Your task is to repeat all of the data exactly while excluding the pictures.

---

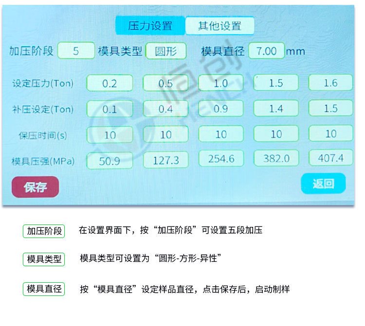 自动等静压压片机适合对样品成型均匀度要求比较严格的用户,可压制 一些钢模无法成型的样品,采用程序加压、保压、泄压方式,制样速度快 精度高,广泛应用于粉末冶金,复合材料,耐火材料,陶瓷硬度合金的成型。 仪器型号 HAP-65FJ 压力范围 1-65T 油缸直径 160mm 油缸行程 ≤50mm 腔体尺寸 Φ50×150mm 腔体材质 3铬13# 模具钢 环境温度 9℃-42℃ 最 大压强 ≤300Mpa(可定制500Mpa) 加压方式 电动加压 加压过程 波段加压-自动精准补压-波段保压-定时泄压 加压段数 5段加压任意设置 保压时间 不限时(N秒)每段可设置不同的保压时间 显示方式 7寸触摸液晶屏/中英文界面可切换 设置方式 触摸直接修改设定数值(方便、快捷) 压强换算 程序自动换算/并直接显示样品所承受压强(Mpa) 限位保护 油缸超过限位高度自动泄压 主动安全 程序压力,机械压力故障报错急停功能 实际压强超过本机最 大压强自动启动泄压程序 被动安全 漏电保护+急停开关+钢板防护+有机玻璃防护 数据管理 可存储1万条历史操作记录,并可导出U盘 智能操作 电脑连接进行远程操作(选配)/可根据客户需求定制 设备功率 500W 设备电源 220V(50Hz/60Hz)/可定制110V 主机尺寸 330×400×935mm 控制箱尺寸 400×280×400mm 设备重量 385Kg 配置说明 可根据需求定制改进等静压机或橡胶模具
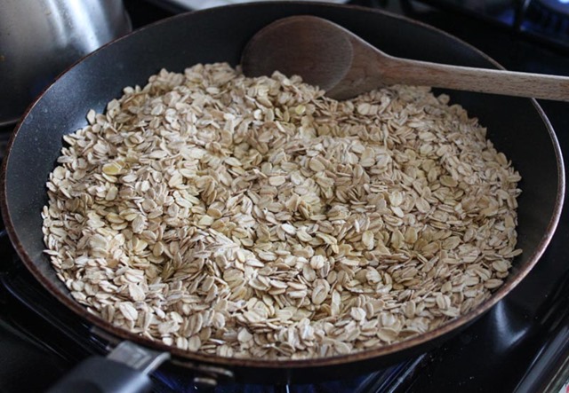On to the muffins! Start by melting 2 tbsp. of butter in a saute pan over medium-low heat. Add the oats and cook until they brown and start to smell like popcorn (7-9 minutes).
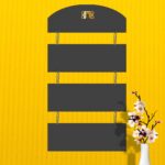 For This Used 6 mm mdf wood cutting. Digital print pasted upon wood and hit laminated material, And 4 pieces Chain Fitted and Foldable items.
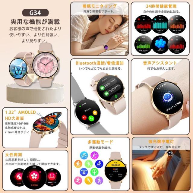 スマートウォッチ 日本製センサー 通話機能 心拍数 血中酸素 睡眠管理 健康管理 着信&LINE通知 生理周期 スポーツウォッチ iPhone対応 アンドロイド対応
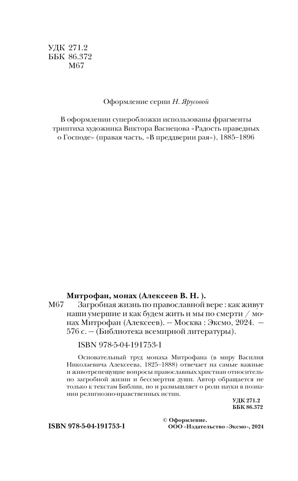 Основательный труд монаха Митрофана (в миру Василия Николаевича Алексеева, 1825-1888) отвечает на самые важные и животрепещущие вопросы православных христиан относительно загробной жизни и бессмертия души. Автор обращается не только к текстам Библии, но и размышляет о роли науки в познании религиозно-нравственных истин.

---

Task result:
 自动等静压压片机适合对样品成型均匀度要求比较严格的用户,可压制 一些钢模无法成型的样品,采用程序加压、保压、泄压方式,制样速度快 精度高,广泛应用于粉末冶金,复合材料,耐火材料,陶瓷硬度合金的成型。 仪器型号 HAP-65FJ 压力范围 1-65T 油缸直径 160mm 油缸行程 ≤50mm 腔体尺寸 Φ50×150mm 腔体材质 3铬13# 模具钢 环境温度 9℃-42℃ 最 大压强 ≤300Mpa(可定制500Mpa) 加压方式 电动加压 加压过程 波段加压-自动精准补压-波段保压-定时泄压 加压段数 5段加压任意设置 保压时间 不限时(N秒)每段可设置不同的保压时间 显示方式 7寸触摸液晶屏/中英文界面可切换 设置方式 触摸直接修改设定数值(方便、快捷) 压强换算 程序自动换算/并直接显示样品所承受压强(Mpa) 限位保护 油缸超过限位高度自动泄压 主动安全 程序压力,机械压力故障报错急停功能 实际压强超过本机最 大压强自动启动泄压程序 被动安全 漏电保护+急停开关+钢板防护+有机玻璃防护 数据管理 可存储1万条历史操作记录,并可导出U盘 智能操作 电脑连接进行远程操作(选配)/可根据客户需求定制 设备功率 500W 设备电源 220V(50Hz/60Hz)/可定制110V 主机尺寸 330×400×935mm 控制箱尺寸 400×280×400mm 设备重量 385Kg 配置说明 可根据需求定制改进等静压机或橡胶模具
On to the muffins! Start by melting 2 tbsp. of butter in a saute pan over medium-low heat. Add the oats and cook until they brown and start to smell like popcorn (7-9 minutes).
 For This Used 6 mm mdf wood cutting. Digital print pasted upon wood and hit laminated material, And 4 pieces Chain Fitted and Foldable items.
 スマートウォッチ 日本製センサー 通話機能 心拍数 血中酸素 睡眠管理 健康管理 着信&LINE通知 生理周期 スポーツウォッチ iPhone対応 アンドロイド対応
 Основательный труд монаха Митрофана (в миру Василия Николаевича Алексеева, 1825-1888) отвечает на самые важные и животрепещущие вопросы православных христиан относительно загробной жизни и бессмертия души. Автор обращается не только к текстам Библии, но и размышляет о роли науки в познании религиозно-нравственных истин.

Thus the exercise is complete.